Treasury Strategies statement explains, "Money Market Mutual Funds, a primary cash management tool for corporate treasurers is a case in point. Prime funds, a key funding source for corporations and banks, have declined 74% or $1.04 trillion since the new rules were announced. Tax exempt funds, a key funding source for municipalities, school districts and hospitals, have declined 51% or $132 billion. Almost all of the assets have moved into Government or Treasury Funds. This $1.1 trillion movement of capital out of the private sector raises the cost of capital and limits credit available for America's businesses and communities."

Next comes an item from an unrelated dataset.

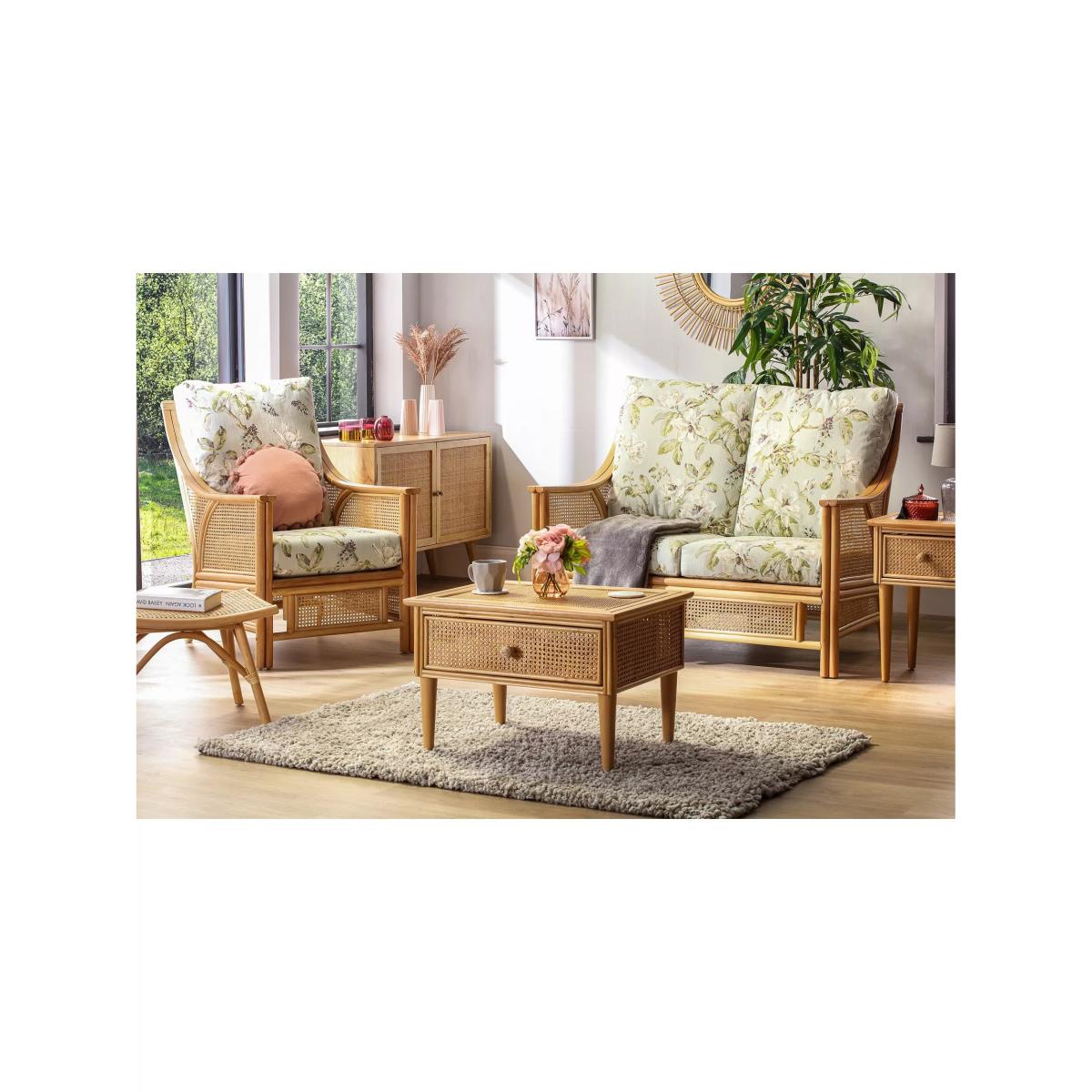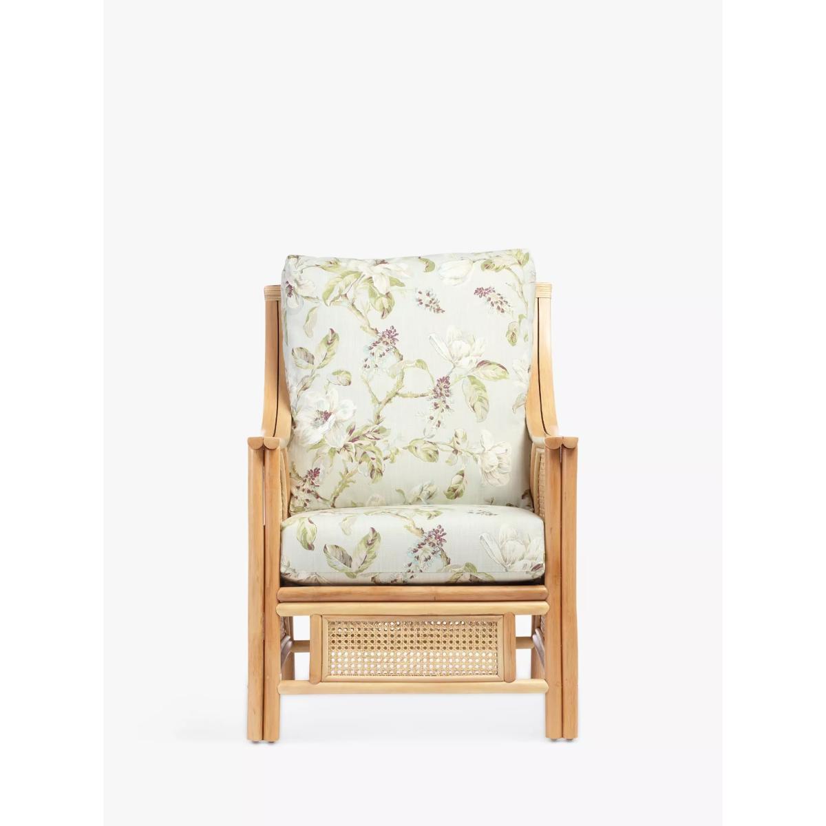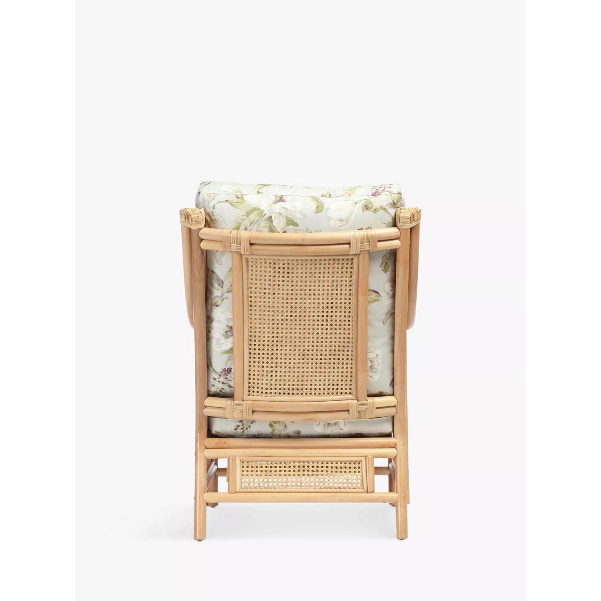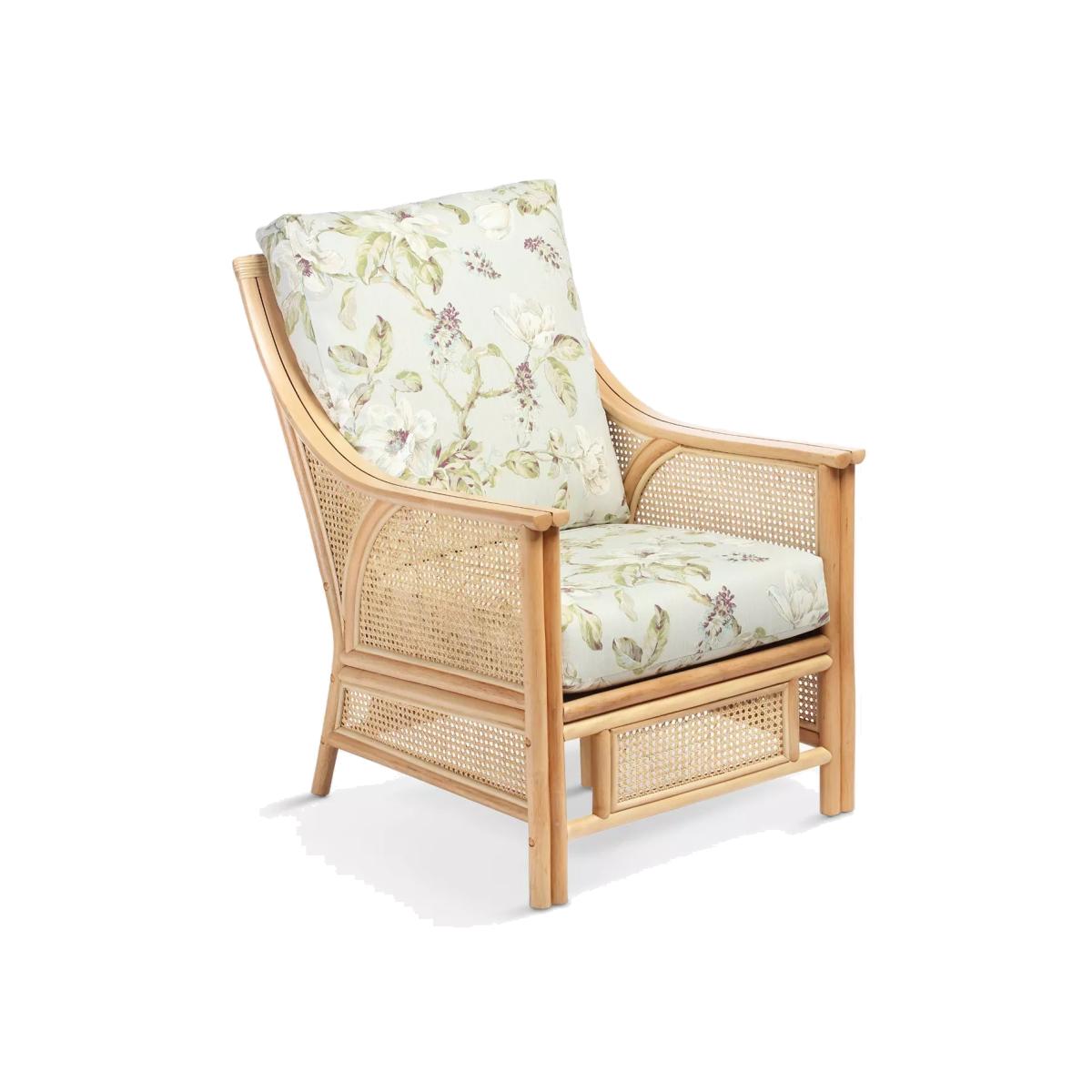 Handmade from natural rattan, the Chester lounge chair from Desser is an attractive design for the living room or conservatory. Made with open cane mesh webbing on the sides, front and back panels, with a Pirelli webbing base for durability. The high back seat and wide seat area provide comfort, along with the UK-made hand-sewn cushions in a lily print. Strong and durable, natural rattan is low maintenance and easy to keep clean. Wipe the furniture clean with a dry cloth or a slightly damp cloth and dry it afterwards. Keep the furniture in a dry environment and avoid leaving it under direct sunlight for prolonged periods. The furniture's colour lasts longer if moved around a conservatory regularly to protect it from direct sun in the same spot. Sustainably sourced in Indonesia, rattan is fast-growing compared to wood alternatives and, as a companion crop, its farming encourages the preservation of forests. Every part of the rattan vine is used. Outer rattan cane is used for attractive weaving and the solid core is steamed to manipulate it into beautiful furniture shapes.

"Well-thought-out efforts to mitigate the adverse consequences of these regulations and restore the smooth flow of capital in the U.S. economy are essential," noted Cathy Gregg, also a Treasury Strategies Managing Director.

Carfang comments, "Recent financial regulations such as Dodd-Frank, Basel III, Money Market Fund regulations and many more, separately and in concert with each other, have triggered regulatory and compliance cost burdens that radiate through the economy. Ultimately, this is choking the U.S. economy and paralyzing American businesses and financial firms that had nothing to do with the financial crisis.... One place to start is to dial back the most recent MMF regulations, which have caused $1.1 trillion in assets to flee the private sector."